Until recently, genetics has been like a read only document. We could see and map DNA, but we couldn’t change it in any significant way. That was, until CRISPR but where did it start? Today we’ll be talking about some very basic genetics and how bacteria have led to a massive change in how we interact with it.
Let’s start with some basic information on what genetics is. In genetics, scientists study DNA from multiple different living creatures. This ranges from bacteria to animals or plants, anything alive that has DNA is looked at and mapped. Until recently, genomic mapping was the main thing we were doing with DNA and looking at exactly what series of nucleotides (the building blocks of DNA) made what protein and where they were found on each different living thing’s genome.
Due to how volatile DNA is, until 1987 we struggled to interact with DNA or change it in any significant way. We could break it down and make a whole new copy, but we couldn’t edit the source material, you could only make an exact copy or denature the entire strand.
How CRISPR Was Discovered
In 1987 a Japanese scientist called Atsuo Nakata performed an experiment where he was analysing the genetic structure of the IAP gene in E. coli. This didn’t work however as he was looking in the wrong place on the DNA. Instead, he found something very interesting.
He found a code of nucleotides that was repeated around a section of DNA, it was similar to a DNA sandwich where there was a small code of DNA, then a random set of nucleotides and then the small code was repeated on the end. He didn’t think much of it, DNA does this a lot of the time but what piqued his interest was when he looked at the random nucleotides called a ‘spacer’ in between the repeating codes. He found that this spacer was DNA that could be found in viruses or DNA that would otherwise harm the bacteria.
Immunology in Microbiology
To understand why bacteria have this gene, we next need to look into immunology. Most people are familiar with some basics of immunology, it is the system in our body that gets rid of illnesses by cells identifying what isn’t us and destroying it. In animals, this is done by multiple different types of cells all working together. Some making antibodies to clump and stick the invasive illness together, some eating and digesting foreign bodies in the system and some killing off your own infected cells that are too far gone.
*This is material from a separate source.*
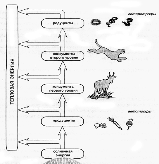 Далее по трофическим (пищевым) цепям органическое вещество и энергия от автотрофов (продуцентов) передаются гетеротрофам (консументам, редуцентам).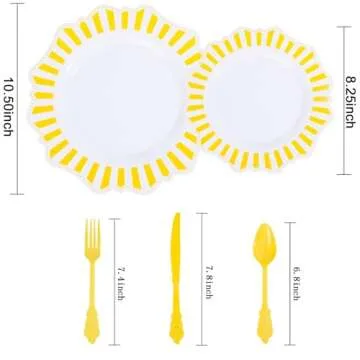 COLOSUS 150pcs Disposable White Lemon Yellow Striped Plastic Party Plates and Silverware set, Yellow Printed Dinner/Dessert Plates silverware serve 30guests for Birthday Weeding Party and Daily use.

Animals are typically susceptible to illness caused by bacteria, fungi, viruses, or parasites, but what about bacterial cells? Being single-celled, they lack the ability to produce other cells to defend against potential harm. Thus, viruses and other bacteria pose a threat to them, necessitating the development of strategies to fend off these attacks. To combat this challenge, they evolved to modify DNA.
When a bacterial cell is exposed to viral DNA or DNA from another bacterial cell that is releasing harmful ‘plasmids’ (rings of DNA that other bacteria can absorb that code for different things) it takes small sections of this DNA and puts it into a spacer, surrounded by that sequence of repeating genes we talked about earlier. It takes a small section the harmful DNA and puts it in its own genome.
It then starts to transcribe this gene to turn it into proteins. The proteins produced by this specific gene are called CAS proteins which then get dispersed through the bacterial cell.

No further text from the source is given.